▶ [PROBLEM REQUIREMENTS]
Retype word for word the stretch of entries below from the line that has "Canastera común Glaucous-winged" through the line that has "1 - Sicht aus", and omit the pictures.

▶ [MATERIALS PROVIDED]
--------

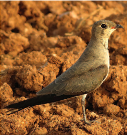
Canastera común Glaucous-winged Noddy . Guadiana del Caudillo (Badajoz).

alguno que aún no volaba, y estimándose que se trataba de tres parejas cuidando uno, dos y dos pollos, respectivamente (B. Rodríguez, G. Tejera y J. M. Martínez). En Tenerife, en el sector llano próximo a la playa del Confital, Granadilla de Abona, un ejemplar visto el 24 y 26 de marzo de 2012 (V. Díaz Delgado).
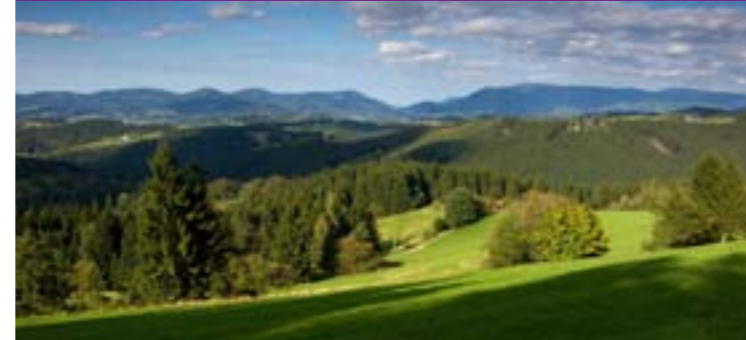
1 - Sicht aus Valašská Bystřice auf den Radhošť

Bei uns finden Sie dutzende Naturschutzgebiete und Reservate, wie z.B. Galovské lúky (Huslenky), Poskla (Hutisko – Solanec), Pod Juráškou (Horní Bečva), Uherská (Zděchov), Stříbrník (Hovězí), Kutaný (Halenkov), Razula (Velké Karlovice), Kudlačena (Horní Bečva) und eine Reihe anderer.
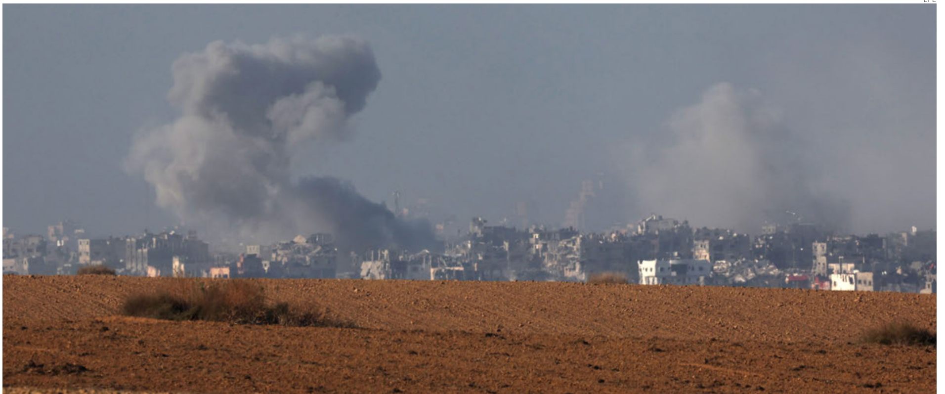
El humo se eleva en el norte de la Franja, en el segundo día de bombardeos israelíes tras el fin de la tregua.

--------

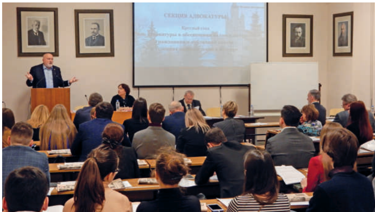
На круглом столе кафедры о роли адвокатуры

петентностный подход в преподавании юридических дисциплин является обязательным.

--------

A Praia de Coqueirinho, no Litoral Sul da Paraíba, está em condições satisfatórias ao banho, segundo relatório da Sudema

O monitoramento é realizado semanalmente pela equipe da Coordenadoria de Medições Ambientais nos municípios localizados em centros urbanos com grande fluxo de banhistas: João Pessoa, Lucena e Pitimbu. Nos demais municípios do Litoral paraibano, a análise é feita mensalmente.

--------

▶ [RESULT FOR THIS TASK]
Canastera común Glaucous-winged Noddy . Guadiana del Caudillo (Badajoz).

alguno que aún no volaba, y estimándose que se trataba de tres parejas cuidando uno, dos y dos pollos, respectivamente (B. Rodríguez, G. Tejera y J. M. Martínez). En Tenerife, en el sector llano próximo a la playa del Confital, Granadilla de Abona, un ejemplar visto el 24 y 26 de marzo de 2012 (V. Díaz Delgado).
1 - Sicht aus Valašská Bystřice auf den Radhošť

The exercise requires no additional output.